Meeting with Virginia Phiri, Zimbabwe
While running a creative writing workshop in Bulawayo in January 2006, I asked what writer excited other writers. “Virginia Phiri,” one woman said. She was making her book Desperate a set text in a teacher training course she was running. The book choice was confrontational given the conservative social structure of Zimbabwe, being a series of stories with sex-workers as the narrators. “I don’t care what people say though,” the book’s champion declared. “It is beautiful writing.”
Back in Harare I met Virginia Phiri at a book launch, and she agreed to an interview at the British Council offices the next day, February 3rd 2006. I had questions, but did not really need them. “I love people. I love talking,” she says. For over an hour the talk flowed, with only occasional prompting from me. For ‘survival and buying food’ Virginia works as an accountant. Back in 2002 her sister in Bulawayo bought a car. That sister is the family member most like Virginia, the others are ‘normal’, but instead of a car Virginia spent her money that year on the publication of her book. Desperate was her tribute to the sex workers who had taken her in, hid her, fed her and saved her life when she was active as a guerrilla fighter in the 1970s liberation war that saw Zimbabwe emerge from the colonial era.
That War of Independence sits behind much of Zimbabwean writing. Few people parade their participation. It sits in the heart of a whole generation of writers, and finds its own way of emerging. Virginia Phiri is also an expert on orchids. She sees the sweep of human drama, but also has an eye for the rarities of life, spotting orchids which other experts have passed by.
“I am from a background of women who are activists,” she told me. “Some were chiefs. My grandmother was a chief’s wife who influenced the chief in good governance. I had an aunt born in Bulawayo who married a foreigner in 1936. She started the burial societies. My paternal men were moneymakers, my maternal men were chiefs. I have always done things in my own way, since primary school,” Choosing to write in the voices of sex workers is surely doing things ‘her own way’, when there is a danger of writers being cast in the same light as their characters.
“Africa is an oral culture.

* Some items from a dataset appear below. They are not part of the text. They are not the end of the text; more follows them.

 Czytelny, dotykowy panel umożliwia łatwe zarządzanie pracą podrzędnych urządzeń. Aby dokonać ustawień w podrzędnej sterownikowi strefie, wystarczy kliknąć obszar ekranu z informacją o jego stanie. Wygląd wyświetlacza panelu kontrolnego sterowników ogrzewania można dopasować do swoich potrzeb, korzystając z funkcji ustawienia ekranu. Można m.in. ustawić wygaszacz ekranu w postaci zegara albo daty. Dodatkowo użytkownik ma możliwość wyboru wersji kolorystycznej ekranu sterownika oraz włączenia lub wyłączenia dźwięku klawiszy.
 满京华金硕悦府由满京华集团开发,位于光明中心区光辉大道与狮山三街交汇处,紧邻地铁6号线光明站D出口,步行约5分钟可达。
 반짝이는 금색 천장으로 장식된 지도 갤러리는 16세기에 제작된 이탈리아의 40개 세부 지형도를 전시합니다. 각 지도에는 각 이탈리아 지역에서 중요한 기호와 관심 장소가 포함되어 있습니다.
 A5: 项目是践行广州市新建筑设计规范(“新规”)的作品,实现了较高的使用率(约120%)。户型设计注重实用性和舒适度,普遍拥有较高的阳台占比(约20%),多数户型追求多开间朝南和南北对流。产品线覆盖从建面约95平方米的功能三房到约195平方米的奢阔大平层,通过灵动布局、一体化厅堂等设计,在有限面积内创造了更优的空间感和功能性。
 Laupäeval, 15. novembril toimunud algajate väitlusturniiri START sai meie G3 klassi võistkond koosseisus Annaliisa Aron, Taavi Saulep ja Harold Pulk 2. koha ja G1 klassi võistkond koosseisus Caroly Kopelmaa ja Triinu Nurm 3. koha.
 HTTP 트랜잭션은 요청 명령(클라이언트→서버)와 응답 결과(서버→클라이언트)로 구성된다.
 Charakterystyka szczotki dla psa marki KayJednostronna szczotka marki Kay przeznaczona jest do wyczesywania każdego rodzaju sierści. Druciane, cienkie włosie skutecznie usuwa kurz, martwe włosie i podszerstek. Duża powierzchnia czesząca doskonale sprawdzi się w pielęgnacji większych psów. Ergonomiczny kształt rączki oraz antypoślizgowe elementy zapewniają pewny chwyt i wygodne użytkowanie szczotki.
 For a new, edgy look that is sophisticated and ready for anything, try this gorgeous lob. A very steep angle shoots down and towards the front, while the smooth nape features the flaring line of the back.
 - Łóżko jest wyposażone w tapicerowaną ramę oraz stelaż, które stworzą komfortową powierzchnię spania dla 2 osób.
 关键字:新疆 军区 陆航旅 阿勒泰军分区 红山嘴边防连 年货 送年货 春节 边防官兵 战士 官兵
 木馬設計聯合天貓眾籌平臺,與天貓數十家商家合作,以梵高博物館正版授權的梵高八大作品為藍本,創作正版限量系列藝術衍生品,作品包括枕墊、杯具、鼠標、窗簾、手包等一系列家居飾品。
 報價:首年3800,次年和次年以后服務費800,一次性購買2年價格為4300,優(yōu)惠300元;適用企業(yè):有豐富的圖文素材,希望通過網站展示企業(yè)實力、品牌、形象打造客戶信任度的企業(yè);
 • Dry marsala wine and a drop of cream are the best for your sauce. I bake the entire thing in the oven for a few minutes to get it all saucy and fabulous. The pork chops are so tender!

The orality of things is selective—we choose what we talk about. Black people in a black community are expected to behave in a certain way. Someone asked me ‘Are you still black?’”
“I believe in speaking for those who can’t speak for themselves. In the 1970s I was rescued by these women, by sex workers. Those people had a heart. They were women, mothers and sisters. They really felt for people. If a man wrote it, he wouldn’t understand how it worked. These women never have the time to sit and write their experiences. They are too shameful, too embarrassing.
“One woman, named Patricia, now in her sixties, could not go back to her village where to be unmarried was shameful. ‘Most of my friends are dead’ she said. ‘When I heard of protection against Aids I took it very seriously. I learned how to use female condoms.’ She is the grandmother of all and looks after her extended family
Most sex workers are the breadwinners. One said to me ‘I need to buy a ticket for my niece to get to London’. My first story, ‘Diary of a Sex Worker’, was originally in Ndebele. Nobody complained. Yvonne Vera wrote to me and said, ‘You are so brave’. I am not encouraging prostitution. I am bringing out the way things are.”
Yvonne Vera is one of the benchmarks for modern writers in Zimbabwe. She ran the National Gallery in Bulawayo for many years, dying of Aids in the Canada in 2005. Many writers told me how difficult they found her to read, and indeed Virginia Phiri’s Desperate has displaced Yvonne Vera’s The Stone Virgins for those students in Bulawayo. Virginia Phiri marvels at The Stone Virgins though. She feels it starts with intentional difficulty for the reader, and grows to something sublime and luminous.
Dambudzo Marechera, who died from Aids in1987, is the other writer most voiced as creating a shift in the writing of Zimbabwe. Virginia Phiri cites him as well. “Marechera said we must write how we feel. Self-censorship in an author is very serious. I don’t intend to annoy anyone. When most writers stop self-censoring we will bring out what we want to say.”
Virginia is grateful to her husband. He is supportive of her writing, which she sees as an exception to the norm. “Men don’t want women to have more about them. One woman writer’s husband used her manuscript for his roll-ups and smoked it.”
And what other writers inspire her?
She has just made a film about the South African writer Noni Jabavu, in tribute to the strong effect of reading her Ochre People. Barbara Nkala, who writes in Ndebele and English, and Chiedza Musengezi, who writes in English and Shona. And across in the States, Toni Morrison.
She is happy to have a growing international reputation herself, but wanted her book to find readers in Africa first. “I must start here. I am read all over Africa. I was invited to Colorado because of this book. Churches are buying it. A pastor bought some and sent them abroad.”
Virginia Phiri is working on a sequel to Desperate to be called Southern Highway Queen. And a new novel, Destiny, dealing with another taboo, this time of visible physical blocks to sexual reproduction, has just gone to her editor. From her independent start, paying for her own publication, publishing houses are now approaching her looking for deals. Her independence is hard-won, though. I doubt she will compromise it in any real way.